* **Your assignment**:
Write out the lines of the material below exactly, beginning at the line with "Nostalgic Grandparents Day" and stopping after the line with "CZARNE KRÓTKIE KALOSZE GUMOWE KOKARDA", and leave out the pictures.

* **Listed entries**:
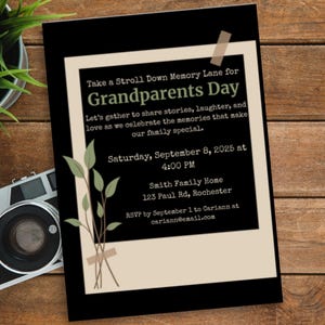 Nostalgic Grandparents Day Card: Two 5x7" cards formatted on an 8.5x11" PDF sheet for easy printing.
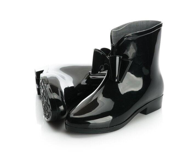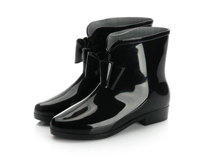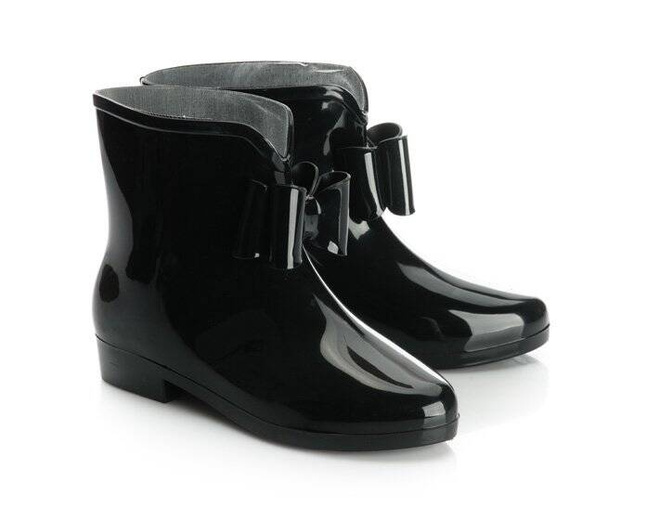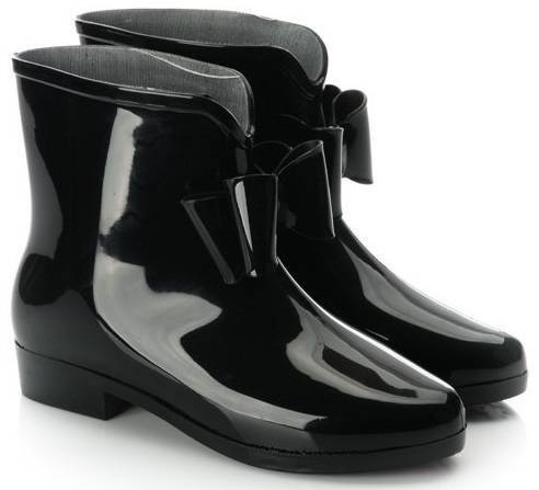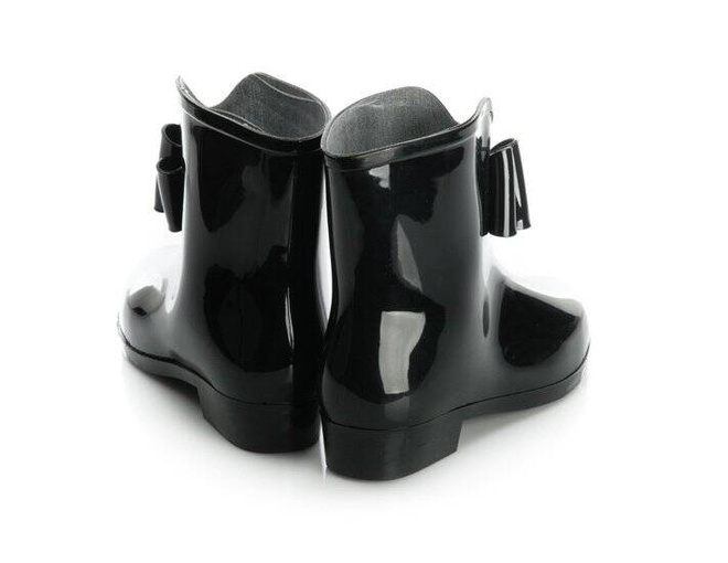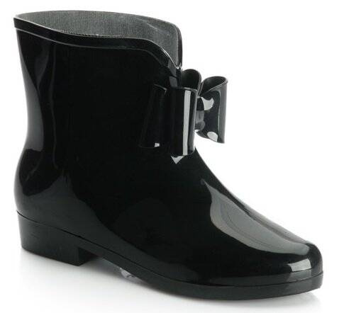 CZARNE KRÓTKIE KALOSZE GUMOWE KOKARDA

---

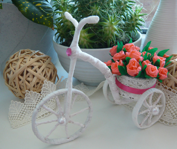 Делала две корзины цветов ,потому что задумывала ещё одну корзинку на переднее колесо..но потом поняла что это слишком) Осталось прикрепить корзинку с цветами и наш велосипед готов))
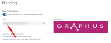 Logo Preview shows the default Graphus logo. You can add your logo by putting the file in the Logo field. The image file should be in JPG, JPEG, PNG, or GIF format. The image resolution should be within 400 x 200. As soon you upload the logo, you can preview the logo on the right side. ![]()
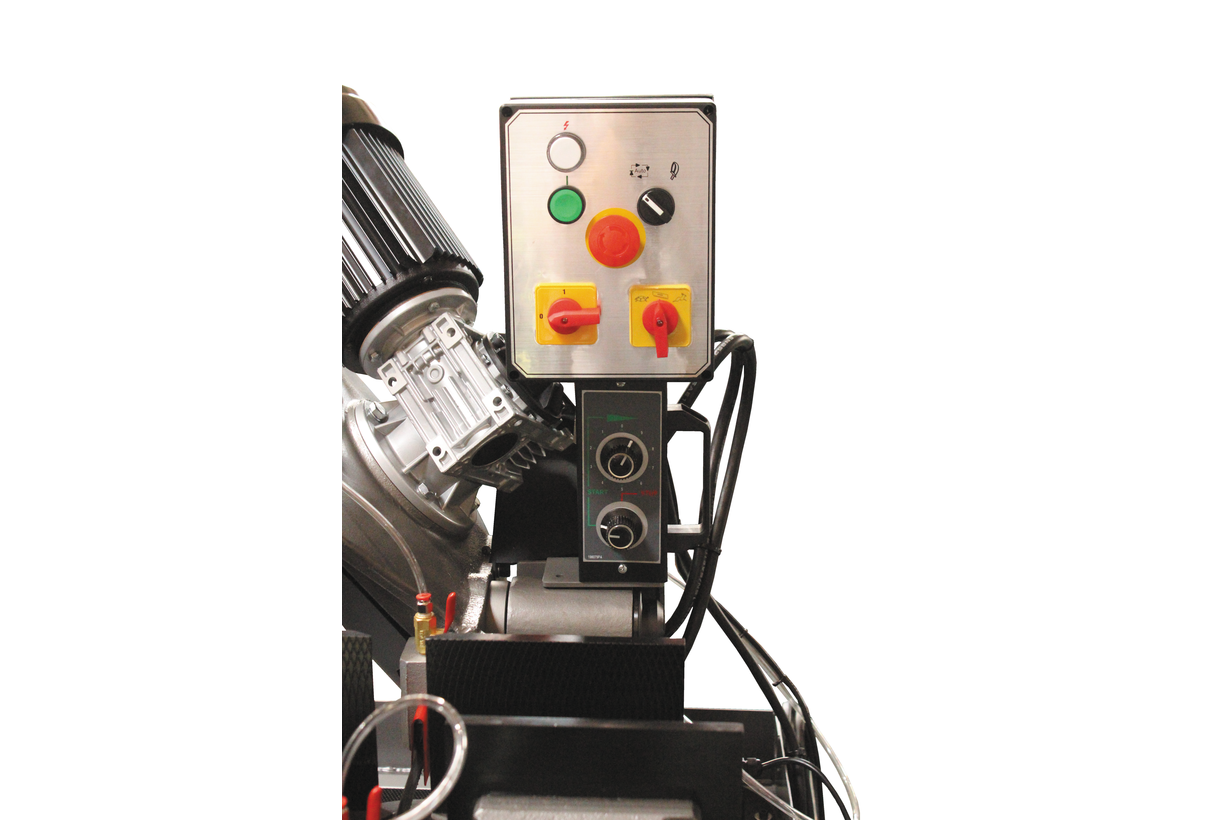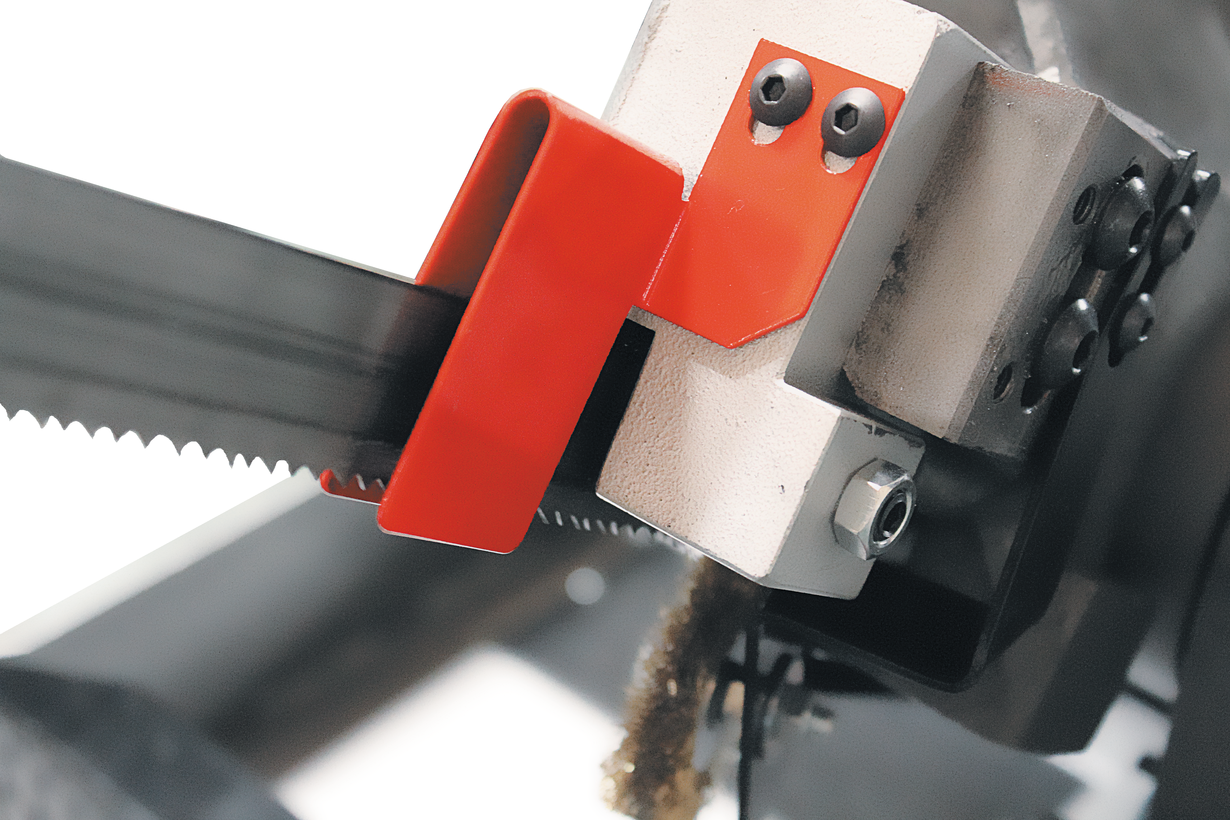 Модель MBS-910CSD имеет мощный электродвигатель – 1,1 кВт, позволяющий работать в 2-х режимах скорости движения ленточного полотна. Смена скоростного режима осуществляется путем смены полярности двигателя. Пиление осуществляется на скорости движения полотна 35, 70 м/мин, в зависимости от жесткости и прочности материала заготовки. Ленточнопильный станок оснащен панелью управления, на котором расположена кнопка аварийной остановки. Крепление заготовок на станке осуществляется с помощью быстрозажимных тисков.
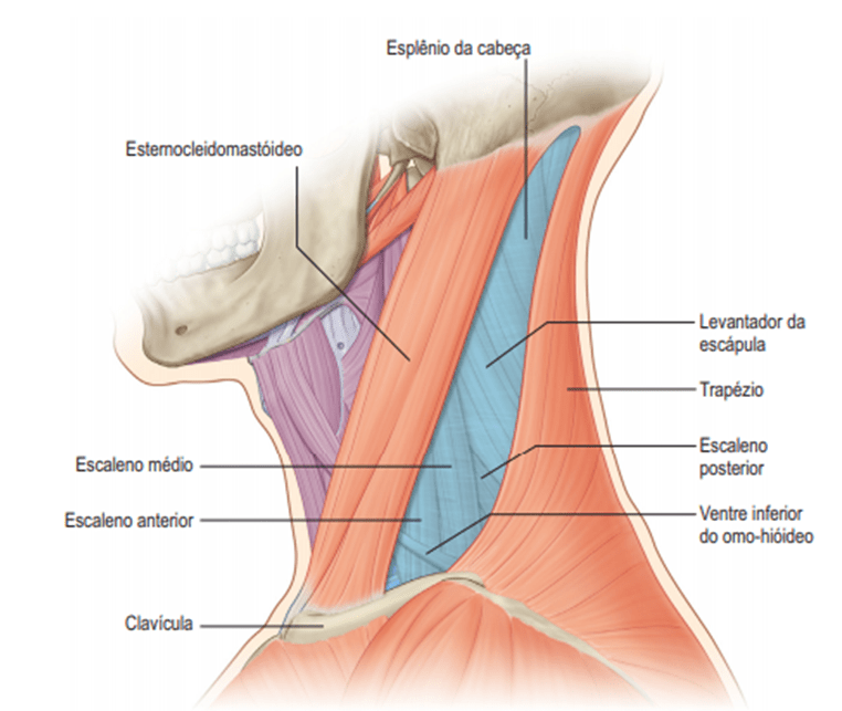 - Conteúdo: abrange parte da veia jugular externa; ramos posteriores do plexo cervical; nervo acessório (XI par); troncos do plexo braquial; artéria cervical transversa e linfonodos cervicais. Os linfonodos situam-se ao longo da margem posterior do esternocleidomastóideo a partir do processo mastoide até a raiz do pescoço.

* **Task response**:
 Nostalgic Grandparents Day Card: Two 5x7" cards formatted on an 8.5x11" PDF sheet for easy printing.
 CZARNE KRÓTKIE KALOSZE GUMOWE KOKARDA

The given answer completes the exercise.